• **ACTIVITY**
Exact transcription begins at the first line of the material below and ends with the line holding "表1根據(jù)實(shí)"; pictures are skipped.

• **TASK MATERIAL**
┄┄┄┄┄┄┄┄┄┄
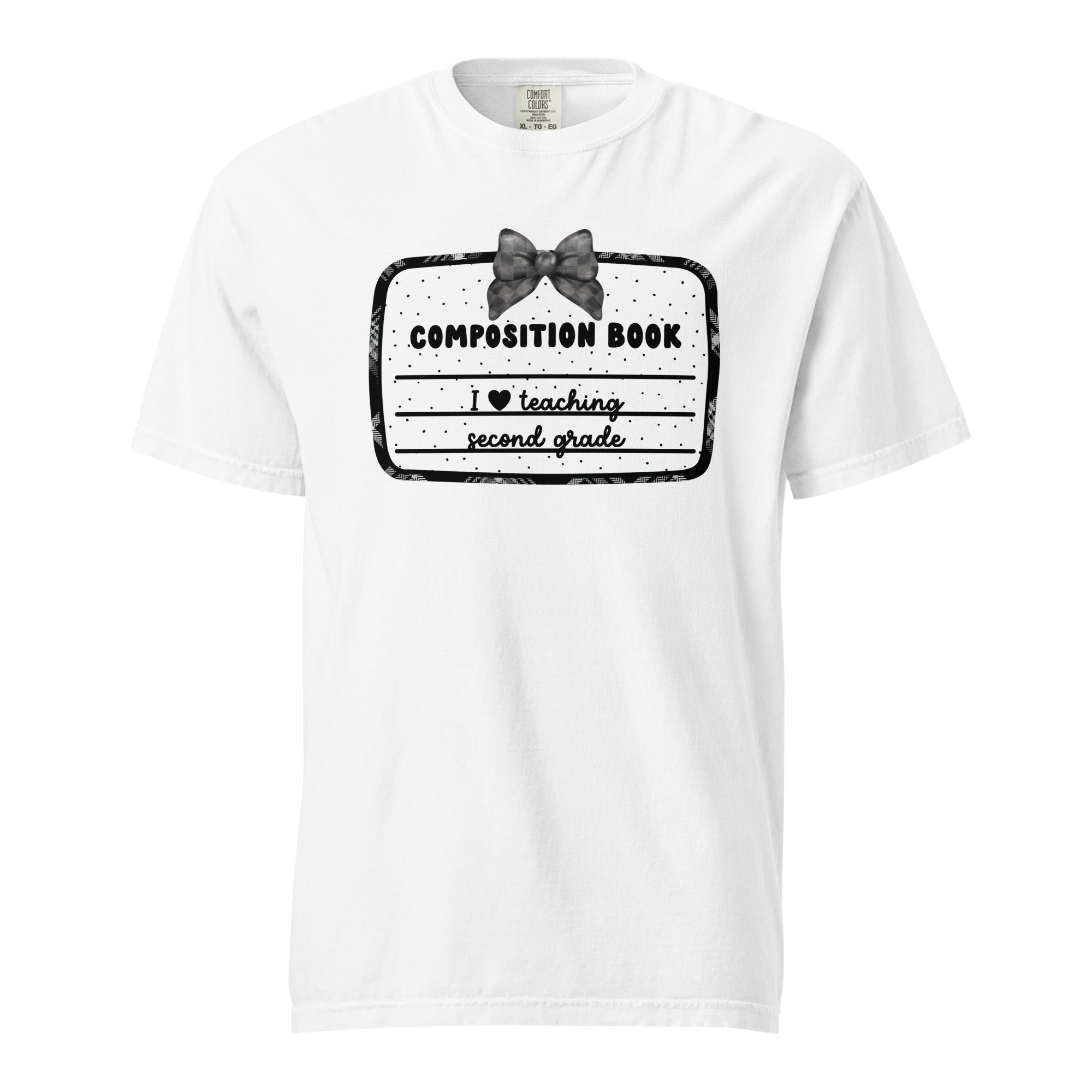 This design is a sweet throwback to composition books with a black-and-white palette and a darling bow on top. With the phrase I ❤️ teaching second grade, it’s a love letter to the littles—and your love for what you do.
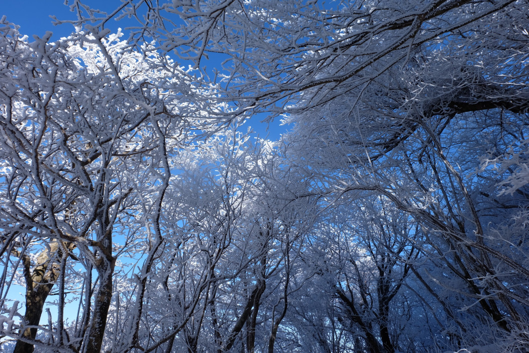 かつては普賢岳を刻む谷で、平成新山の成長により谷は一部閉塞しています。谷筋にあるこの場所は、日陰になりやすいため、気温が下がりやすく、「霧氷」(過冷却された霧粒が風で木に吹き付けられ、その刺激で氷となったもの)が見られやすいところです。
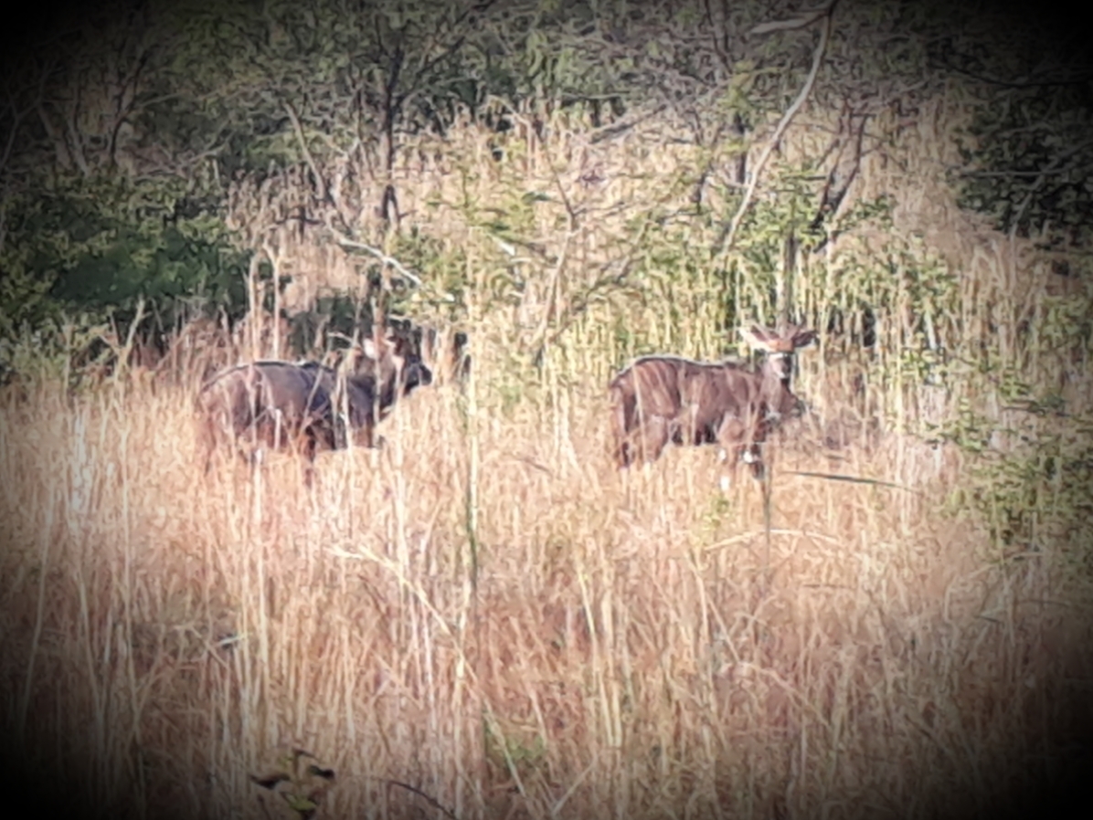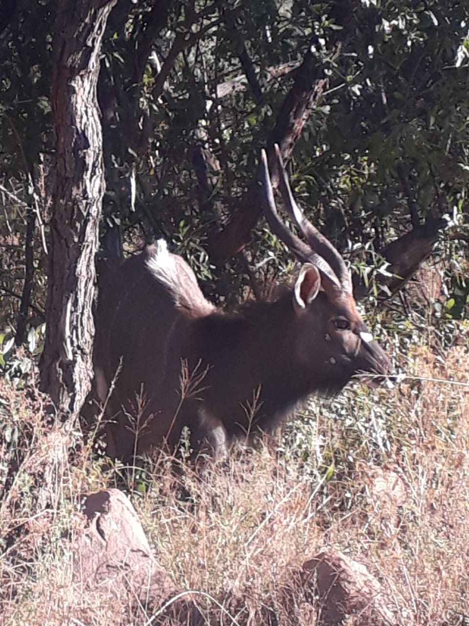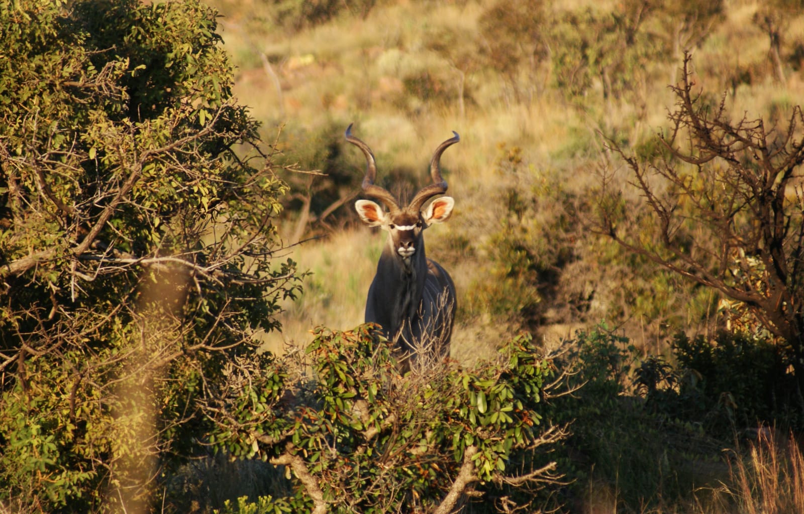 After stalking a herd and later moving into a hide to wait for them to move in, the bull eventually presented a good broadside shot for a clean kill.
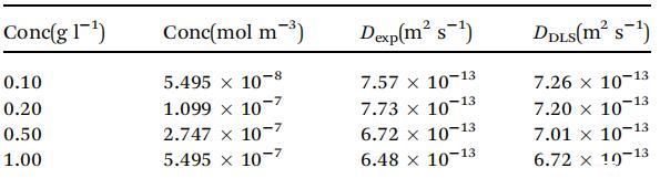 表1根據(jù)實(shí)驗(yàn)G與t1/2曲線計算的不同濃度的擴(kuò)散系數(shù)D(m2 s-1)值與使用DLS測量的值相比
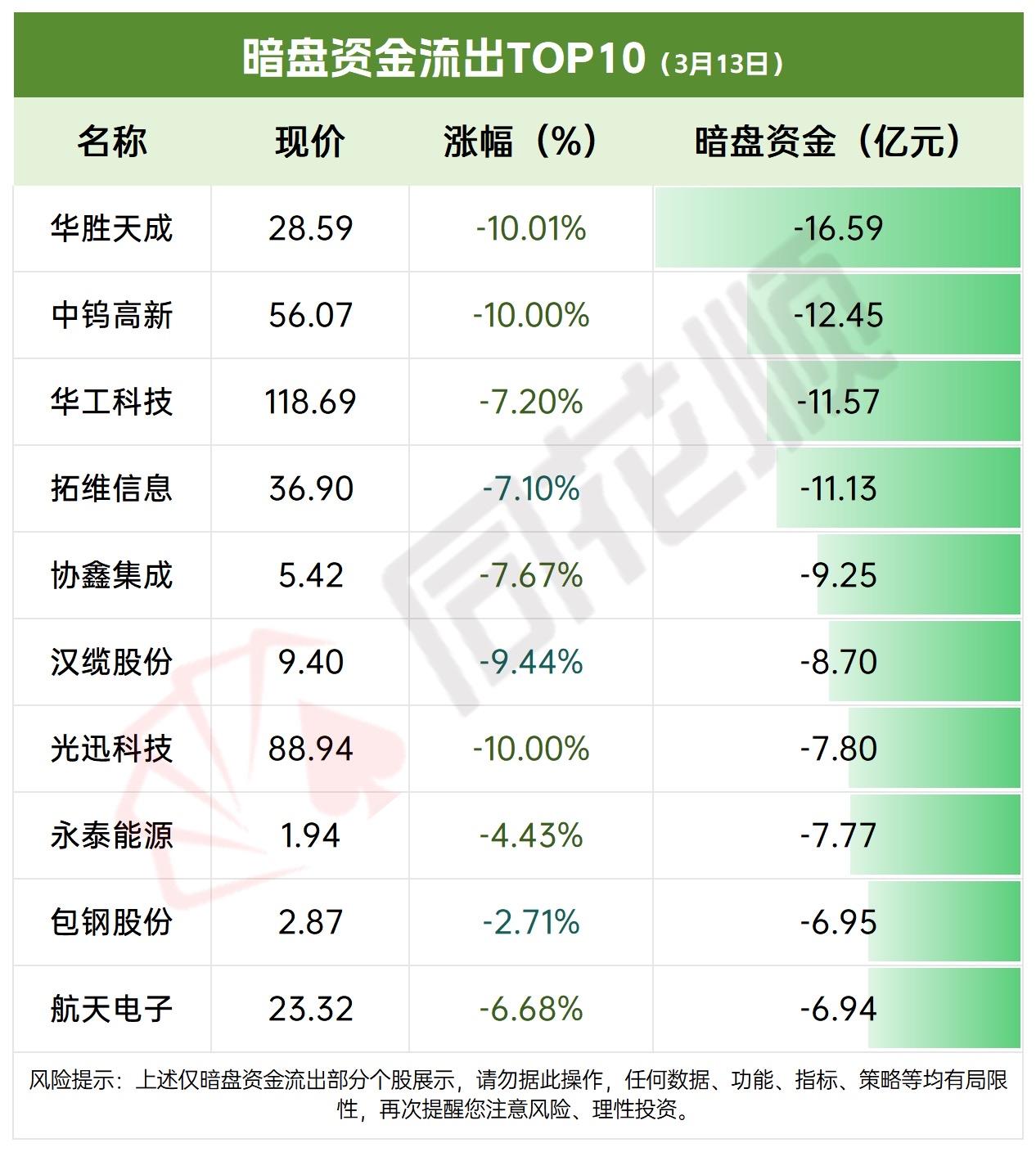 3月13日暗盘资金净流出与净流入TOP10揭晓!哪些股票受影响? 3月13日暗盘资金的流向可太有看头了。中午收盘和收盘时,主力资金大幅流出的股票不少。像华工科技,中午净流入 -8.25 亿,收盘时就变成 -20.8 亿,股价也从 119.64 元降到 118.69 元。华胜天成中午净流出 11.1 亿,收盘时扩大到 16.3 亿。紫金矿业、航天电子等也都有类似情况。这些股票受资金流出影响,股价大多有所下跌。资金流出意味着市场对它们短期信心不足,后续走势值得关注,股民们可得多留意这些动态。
┄┄┄┄┄┄┄┄┄┄
• **ANSWER SECTION**
 This design is a sweet throwback to composition books with a black-and-white palette and a darling bow on top. With the phrase I ❤️ teaching second grade, it’s a love letter to the littles—and your love for what you do.
 かつては普賢岳を刻む谷で、平成新山の成長により谷は一部閉塞しています。谷筋にあるこの場所は、日陰になりやすいため、気温が下がりやすく、「霧氷」(過冷却された霧粒が風で木に吹き付けられ、その刺激で氷となったもの)が見られやすいところです。
 After stalking a herd and later moving into a hide to wait for them to move in, the bull eventually presented a good broadside shot for a clean kill.
 表1根據(jù)實(shí)驗(yàn)G與t1/2曲線計算的不同濃度的擴(kuò)散系數(shù)D(m2 s-1)值與使用DLS測量的值相比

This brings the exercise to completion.